[Assignment]:
Your copy should repeat each record exactly and contain none of the pictures.

[Data for the task]:
::::
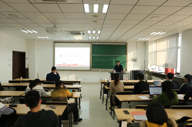 2019年12月26日,我校组织部部长陈宏伟莅临beat365在线体育官网登录入口本科生党支部主题党日活动,并作题为《深入学习宣传贯彻党的十九届四中全会精神》的报告。报告会由beat365在线体育官网登录入口党委书记曲明军主持,学院党委副书记路云生及本科生党支部全体党员、部分积极分子参加。
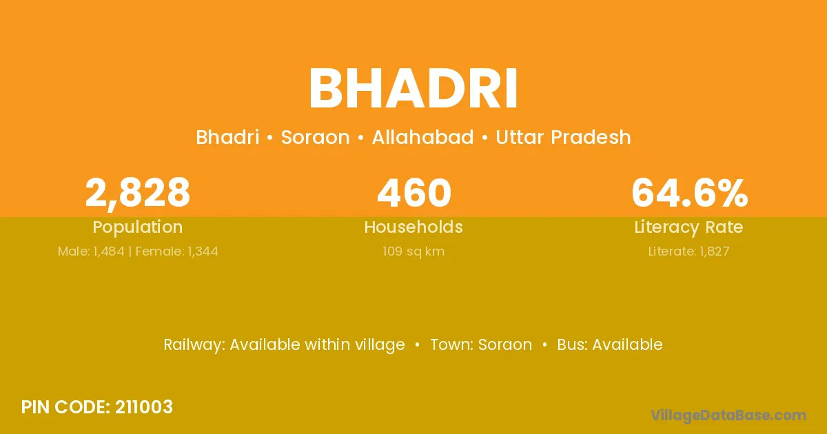 The literacy rate of Bhadri village is 69.47%. Male literacy stands at 81.15% and female literacy at 56.72%.
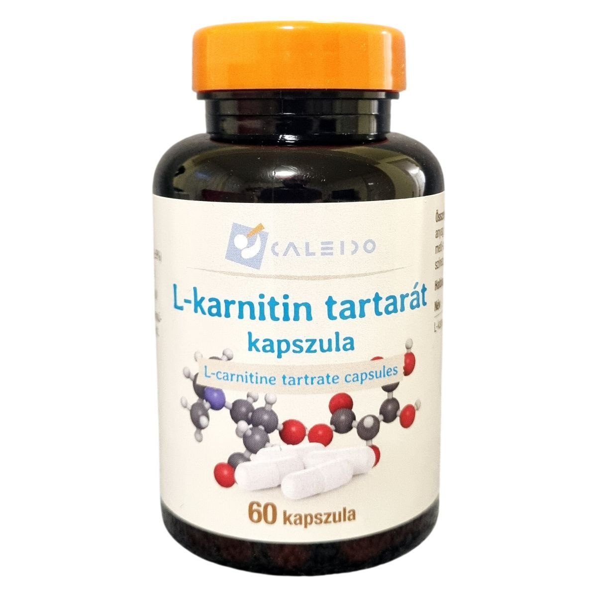 A Caleido L-karnitin tartarát kapszula származási helye Spanyolország. A termék nettó tömege 34,4 g, kapszulánkénti tömege körülbelül 574 mg a megengedett eltérés ±9%. A kapszula összetevői között megtalálható az L-karnitin-tartarát, a csomósodást gátló szilícium-dioxid, valamint a kapszulahéj anyagai, mint a hidroxipropil-metil-cellulóz, karragén, kálíum-acetát, természetes színezék (kalcium-karbonát) és módosított keményítő. A termék OGYÉI notifikációs számmal rendelkezik, ami a törvényes forgalmazást igazolja. A készítmény alkalmazása mellett ajánlott a kiegyensúlyozott étrend és az egészséges életmód fenntartása.
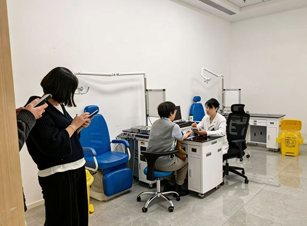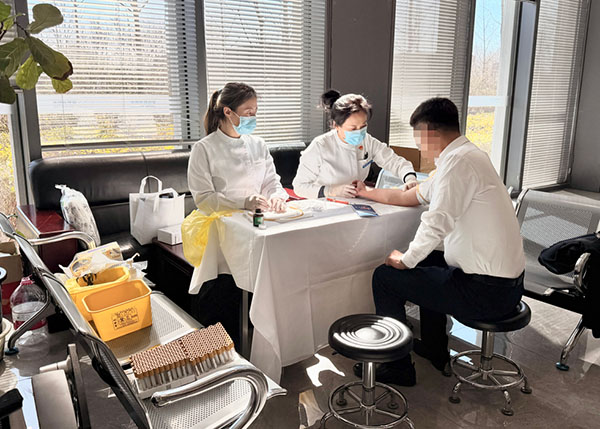 在航天一院服务现场,我们增设眼部按摩、中医咨询服务,紧扣“肝开窍于目”的中医理念,为长期用眼过度的职工送上专属关怀;采血区、检查区、解读区各环节高效衔接,医护人员以娴熟的技术、耐心的引导、专业的解答,让每一位职工都能享受到精准、暖心的服务,将“治未病”理念传递给每一个人。
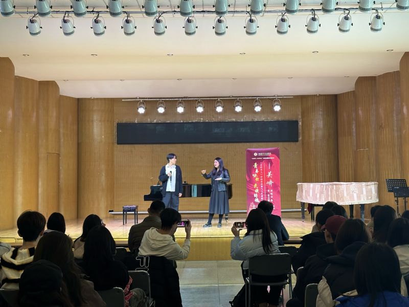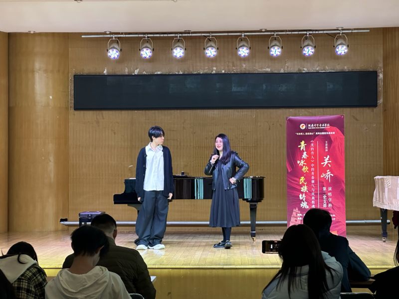 演唱学科关峤在“青春咏歌·民族铸魂——《龙的传人》中的青春朝气与民族根魂”公开课上,以歌为媒、以问为引,将思政教育深植音乐课堂。她逐句拆解“黑眼睛黑头发黄皮肤,永永远远是龙的传人”的文化意蕴,从“龙”的图腾起源讲到“血脉相连”的民族认同等引导式提问,激发学生主动思考。教唱环节,她逐字纠正咬字、打磨情感、指导呼吸,将“细致入微”落在每个音符上。其以音乐为桥,让《龙的传人》升华为青春宣言,在旋律、问答、示范、演唱中厚植民族根魂,用歌声为青春注入“强国有我”的底气。
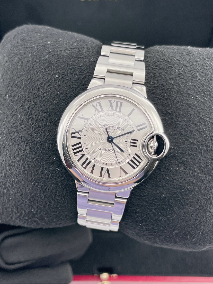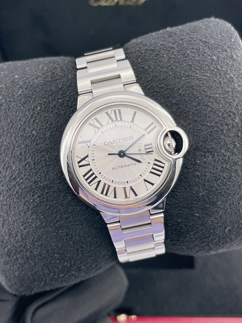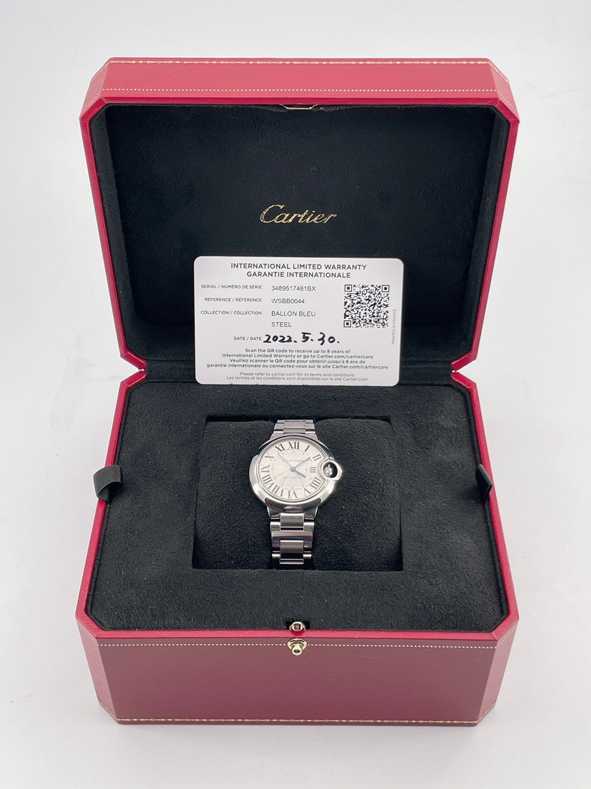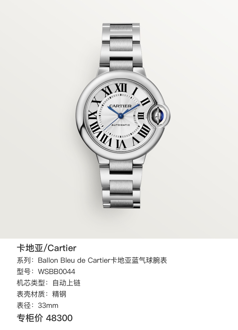 卡地亚 Ballon Bleu de Cartier 蓝气球腕表 WSBB0044 自动上链 精钢 33mm表径 22年全套 专柜价48300 现好价。
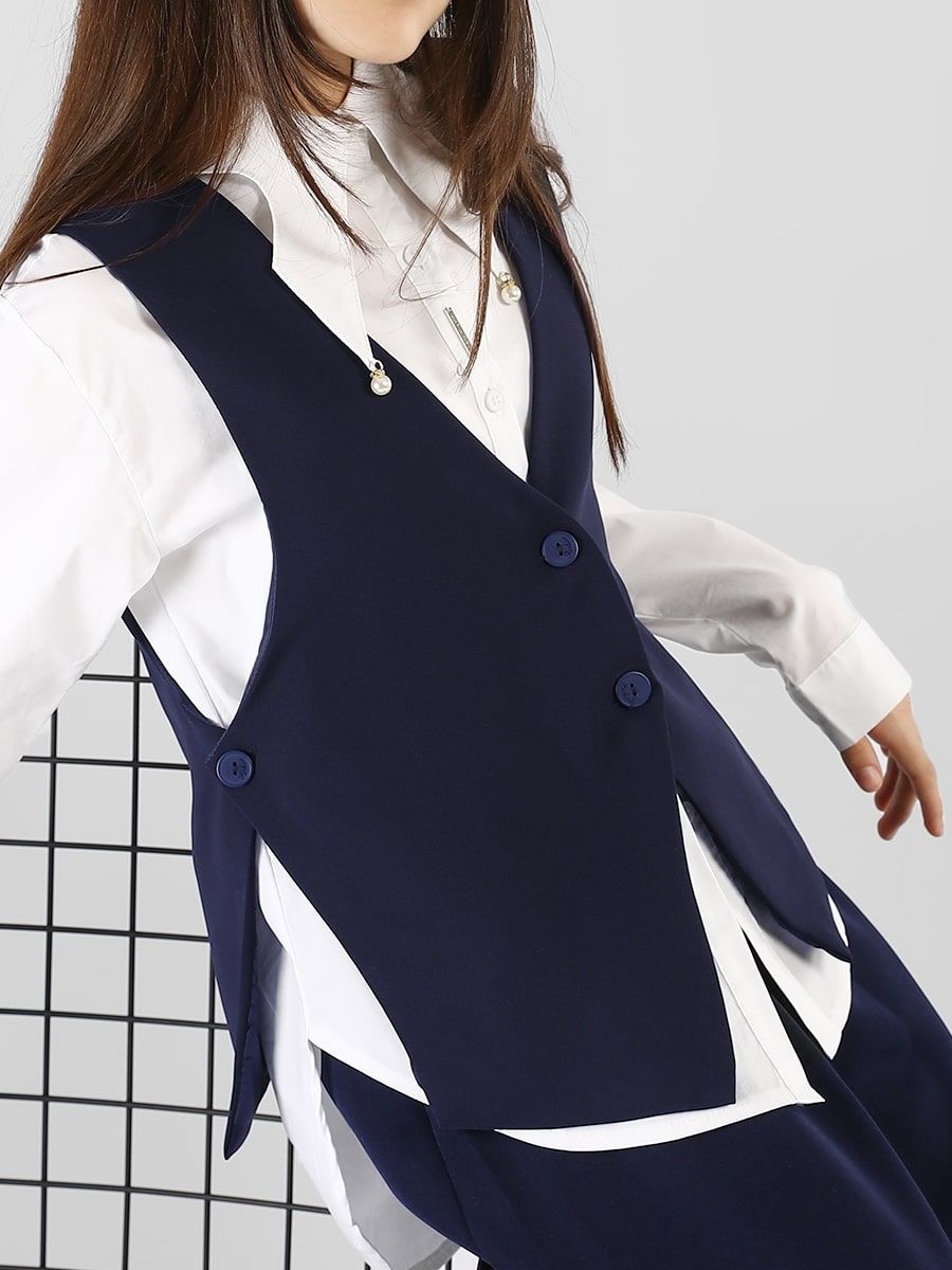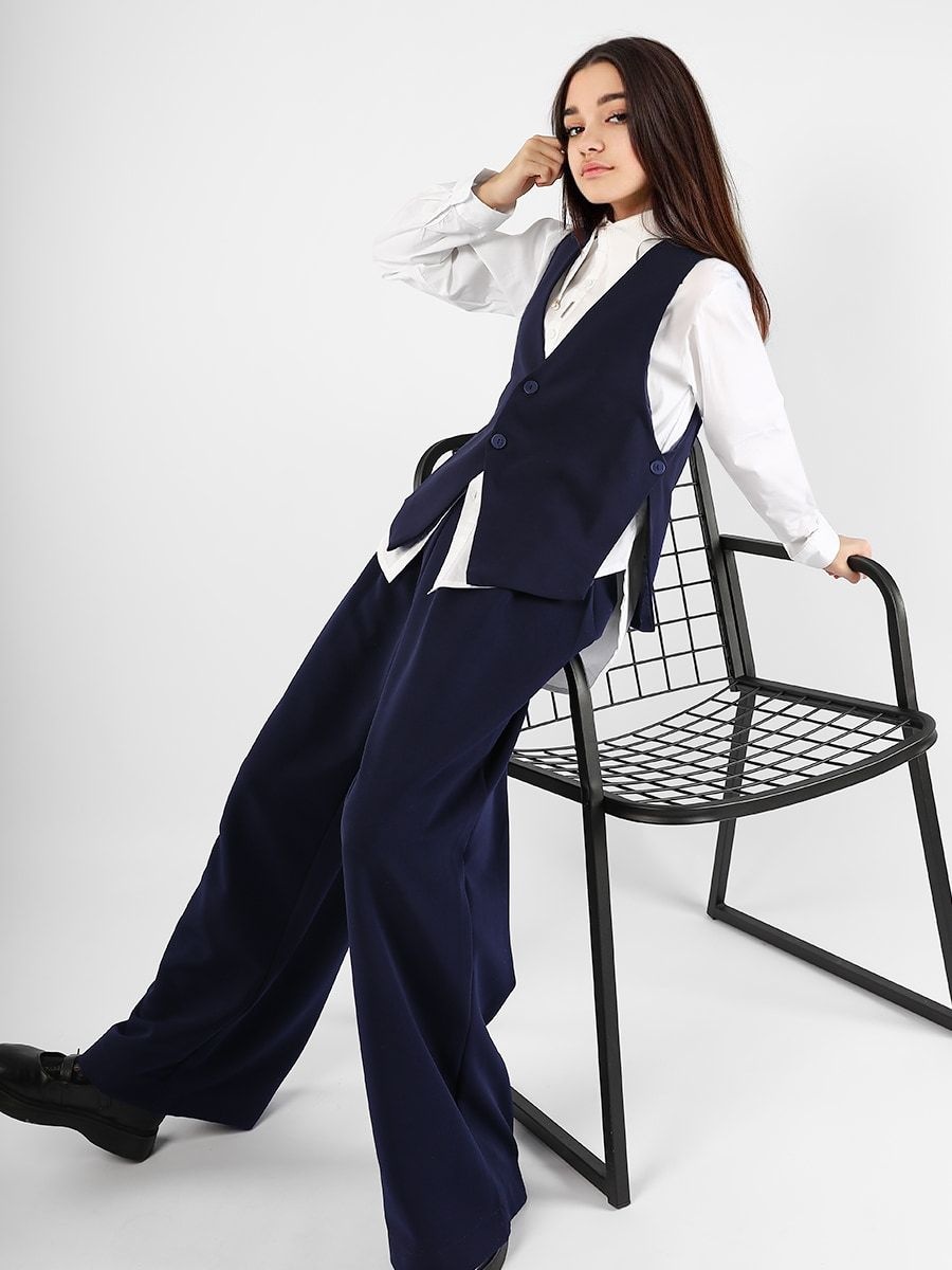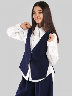 Классический, однобортный жилет для девочки Соль&Перец. Жилет с подкладом, выполнен из износостойкой костюмной ткани «Босс» которая долго сохраняет форму и привлекательный внешний вид. Жилет прекрасно сочетается с юбками и брюками. Подойдет для посещения школы, официального или праздничного мероприятия.
::::
[Task answer]:
 2019年12月26日,我校组织部部长陈宏伟莅临beat365在线体育官网登录入口本科生党支部主题党日活动,并作题为《深入学习宣传贯彻党的十九届四中全会精神》的报告。报告会由beat365在线体育官网登录入口党委书记曲明军主持,学院党委副书记路云生及本科生党支部全体党员、部分积极分子参加。
 The literacy rate of Bhadri village is 69.47%. Male literacy stands at 81.15% and female literacy at 56.72%.
 A Caleido L-karnitin tartarát kapszula származási helye Spanyolország. A termék nettó tömege 34,4 g, kapszulánkénti tömege körülbelül 574 mg a megengedett eltérés ±9%. A kapszula összetevői között megtalálható az L-karnitin-tartarát, a csomósodást gátló szilícium-dioxid, valamint a kapszulahéj anyagai, mint a hidroxipropil-metil-cellulóz, karragén, kálíum-acetát, természetes színezék (kalcium-karbonát) és módosított keményítő. A termék OGYÉI notifikációs számmal rendelkezik, ami a törvényes forgalmazást igazolja. A készítmény alkalmazása mellett ajánlott a kiegyensúlyozott étrend és az egészséges életmód fenntartása.
 在航天一院服务现场,我们增设眼部按摩、中医咨询服务,紧扣“肝开窍于目”的中医理念,为长期用眼过度的职工送上专属关怀;采血区、检查区、解读区各环节高效衔接,医护人员以娴熟的技术、耐心的引导、专业的解答,让每一位职工都能享受到精准、暖心的服务,将“治未病”理念传递给每一个人。
 演唱学科关峤在“青春咏歌·民族铸魂——《龙的传人》中的青春朝气与民族根魂”公开课上,以歌为媒、以问为引,将思政教育深植音乐课堂。她逐句拆解“黑眼睛黑头发黄皮肤,永永远远是龙的传人”的文化意蕴,从“龙”的图腾起源讲到“血脉相连”的民族认同等引导式提问,激发学生主动思考。教唱环节,她逐字纠正咬字、打磨情感、指导呼吸,将“细致入微”落在每个音符上。其以音乐为桥,让《龙的传人》升华为青春宣言,在旋律、问答、示范、演唱中厚植民族根魂,用歌声为青春注入“强国有我”的底气。
 卡地亚 Ballon Bleu de Cartier 蓝气球腕表 WSBB0044 自动上链 精钢 33mm表径 22年全套 专柜价48300 现好价。
 Классический, однобортный жилет для девочки Соль&Перец. Жилет с подкладом, выполнен из износостойкой костюмной ткани «Босс» которая долго сохраняет форму и привлекательный внешний вид. Жилет прекрасно сочетается с юбками и брюками. Подойдет для посещения школы, официального или праздничного мероприятия.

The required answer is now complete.